SHARE NAVY WILL CITE JUST 1 OFFICER IN JET DOWNING

***Navy begins pullback from Persian Gulf; see A9.

A Navy board considered and rejected recommending action against officers as high as Rear Adm. Anthony A. Less, commander of the Persian Gulf naval task force of which the Vincennes was part. In a 1,000-page report that will be presented to Defense Secretary Frank C. Carlucci this week, military officials said Saturday, the board places most of the blame on the operations officer for his role in misinterpreting information which resulted in the cruiser mistakenly shooting down the jetliner on July 3, killing all 290 people aboard.A report now being reviewed by Adm. William J. Crowe Jr., chairman of the Joint Chiefs of Staff, recommends a letter of reprimand to the operations officer, which would not become part of his official personnel file, officials said. The name of the officer has not been disclosed.

The report was compiled by an investigative team headed by Rear Adm. William N. Fogarty and given to Marine Gen. George B. Crist, head of the Central Command, which controls the Persian Gulf region for his review. It was then forwarded to Crowe, who has been reading it this weekend and could recommend lesser or greater disciplinary measures, officials said.

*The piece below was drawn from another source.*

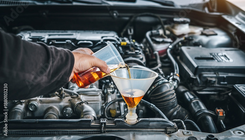 Pouring fresh motor oil into a car engine during a routine maintenance check for optimal performance and longevity

By the time an unclassified version of the report is made public, it may have been changed during this complicated review process, Pentagon officials said. But they added that there is little inclination among senior U.S. officials to take a hard line against anybody from Less, who was in the gulf on his flagship, the USS Coronado, at the time of the shootdown, to the sailors who misinterpreted data displayed on their consoles on the high-tech cruiser.

The general conclusion of the report is that a series of human errors led to the misidentification of the Iranian jetliner and that there was no significant malfunction in the performance of the Vincennes' high-technology Aegis radar tracking and identification systems, according to officials.

Pentagon sources said Forgarty and members of his investigatory team felt undercut by Crowe's apparent exoneration of Capt. Will C. Rogers III, the Vincennes skipper, immediately after the incident. At a news conference in Washington, Crowe said the Vincennes skipper had "acted with good judgment."

Crowe's pronouncement was based on early information from the gulf which the Fogarty team found to be highly inaccurate in almost every major respect, officials said. This put the Fogarty board in the position of having to contradict the nation's highest-ranking military officer.

The Fogarty report, according to officials, documents a number of errors, many of them human. In one example, a sailor in charge of executing the firing sequence for the missiles fumbled several times, military officials said, resulting in a delay. If he had fumbled the sequence one more time, they added, the airliner probably would have become visible to the Vincennes crew, possibly averting the mistake.